For this exercise, return exactly the lines of the material below that begin at the one with "Sibaishe Women's Retro" and stop after the one with "(5)具有大学本科及以上(含".

(Beginning of Supplied information)

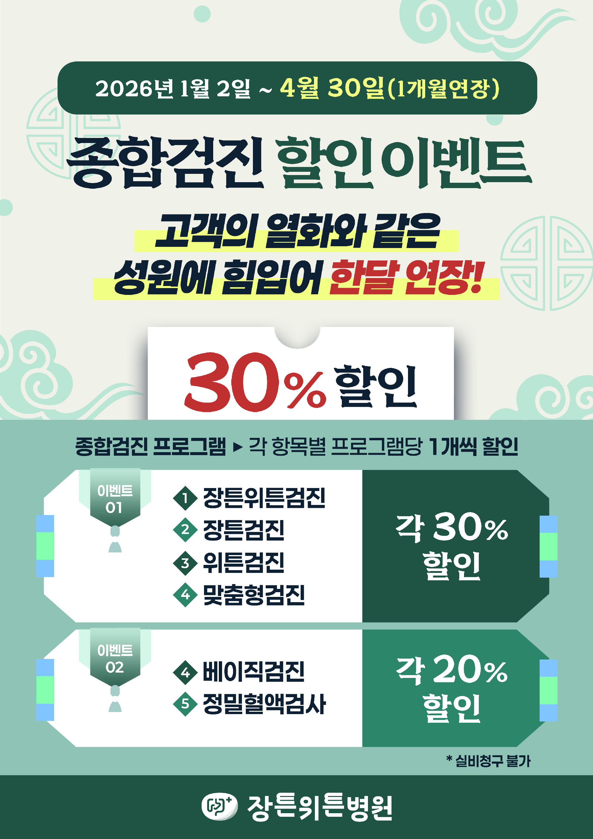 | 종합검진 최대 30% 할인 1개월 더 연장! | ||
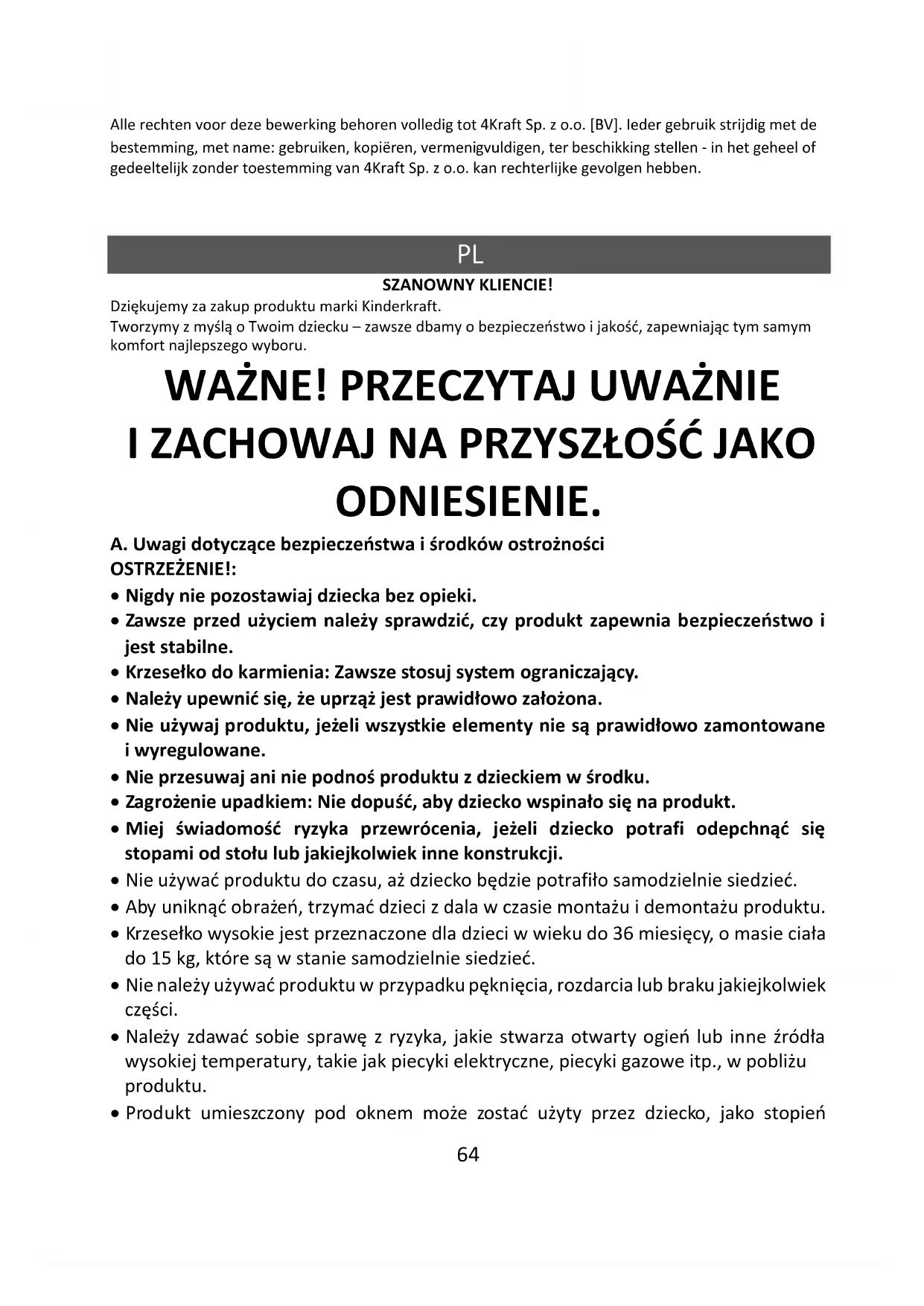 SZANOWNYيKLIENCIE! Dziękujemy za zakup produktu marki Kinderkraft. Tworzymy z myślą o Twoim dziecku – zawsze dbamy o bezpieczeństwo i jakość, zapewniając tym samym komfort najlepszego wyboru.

(End of Supplied information)
(Beginning of Supplied information)

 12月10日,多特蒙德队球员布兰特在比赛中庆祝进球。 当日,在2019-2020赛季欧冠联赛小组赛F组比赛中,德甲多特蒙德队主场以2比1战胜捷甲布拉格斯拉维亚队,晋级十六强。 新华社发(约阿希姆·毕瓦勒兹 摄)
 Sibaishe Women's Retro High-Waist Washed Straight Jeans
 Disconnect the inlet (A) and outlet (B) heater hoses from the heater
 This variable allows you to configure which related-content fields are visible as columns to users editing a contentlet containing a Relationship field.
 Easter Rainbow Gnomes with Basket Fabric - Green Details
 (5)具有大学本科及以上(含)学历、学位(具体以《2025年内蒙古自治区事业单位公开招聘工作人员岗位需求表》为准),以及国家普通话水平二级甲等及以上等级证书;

(End of Supplied information)
(Beginning of Supplied information)

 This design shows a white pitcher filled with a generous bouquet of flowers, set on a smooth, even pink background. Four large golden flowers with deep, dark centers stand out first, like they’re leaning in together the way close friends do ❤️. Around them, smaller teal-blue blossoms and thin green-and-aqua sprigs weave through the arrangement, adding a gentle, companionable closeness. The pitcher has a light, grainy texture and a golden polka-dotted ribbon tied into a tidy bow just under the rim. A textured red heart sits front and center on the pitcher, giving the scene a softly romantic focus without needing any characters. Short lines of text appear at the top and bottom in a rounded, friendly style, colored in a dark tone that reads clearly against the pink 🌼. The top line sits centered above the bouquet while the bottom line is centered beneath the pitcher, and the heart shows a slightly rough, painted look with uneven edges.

(End of Supplied information)

[Exercise answer]:
 Sibaishe Women's Retro High-Waist Washed Straight Jeans
 Disconnect the inlet (A) and outlet (B) heater hoses from the heater
 This variable allows you to configure which related-content fields are visible as columns to users editing a contentlet containing a Relationship field.
 Easter Rainbow Gnomes with Basket Fabric - Green Details
 (5)具有大学本科及以上(含)学历、学位(具体以《2025年内蒙古自治区事业单位公开招聘工作人员岗位需求表》为准),以及国家普通话水平二级甲等及以上等级证书;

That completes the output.